Exercise »
Looking at the listing below, retype exactly the lines starting at the one containing "більше півгодини). тощо" and ending at the one containing "Gorgeous and Modern", both included, and nothing else.

Exercise materials »
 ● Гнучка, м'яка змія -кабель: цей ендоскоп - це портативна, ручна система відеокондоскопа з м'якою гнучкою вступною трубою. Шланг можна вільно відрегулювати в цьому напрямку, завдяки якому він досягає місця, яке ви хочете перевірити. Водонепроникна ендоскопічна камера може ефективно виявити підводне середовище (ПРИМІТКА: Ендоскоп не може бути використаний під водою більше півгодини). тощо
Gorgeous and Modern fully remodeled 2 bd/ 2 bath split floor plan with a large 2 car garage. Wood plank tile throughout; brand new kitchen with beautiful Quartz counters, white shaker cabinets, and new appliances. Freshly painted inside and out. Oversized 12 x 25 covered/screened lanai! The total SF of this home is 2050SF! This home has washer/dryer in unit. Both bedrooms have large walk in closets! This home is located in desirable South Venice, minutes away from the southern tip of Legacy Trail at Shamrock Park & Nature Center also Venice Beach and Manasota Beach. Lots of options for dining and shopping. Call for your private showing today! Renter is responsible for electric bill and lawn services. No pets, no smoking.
* * *
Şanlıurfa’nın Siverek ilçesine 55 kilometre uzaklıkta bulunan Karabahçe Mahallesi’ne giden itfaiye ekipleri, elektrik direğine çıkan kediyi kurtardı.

Answer to the problem »
 ● Гнучка, м'яка змія -кабель: цей ендоскоп - це портативна, ручна система відеокондоскопа з м'якою гнучкою вступною трубою. Шланг можна вільно відрегулювати в цьому напрямку, завдяки якому він досягає місця, яке ви хочете перевірити. Водонепроникна ендоскопічна камера може ефективно виявити підводне середовище (ПРИМІТКА: Ендоскоп не може бути використаний під водою більше півгодини). тощо
Gorgeous and Modern fully remodeled 2 bd/ 2 bath split floor plan with a large 2 car garage. Wood plank tile throughout; brand new kitchen with beautiful Quartz counters, white shaker cabinets, and new appliances. Freshly painted inside and out. Oversized 12 x 25 covered/screened lanai! The total SF of this home is 2050SF! This home has washer/dryer in unit. Both bedrooms have large walk in closets! This home is located in desirable South Venice, minutes away from the southern tip of Legacy Trail at Shamrock Park & Nature Center also Venice Beach and Manasota Beach. Lots of options for dining and shopping. Call for your private showing today! Renter is responsible for electric bill and lawn services. No pets, no smoking.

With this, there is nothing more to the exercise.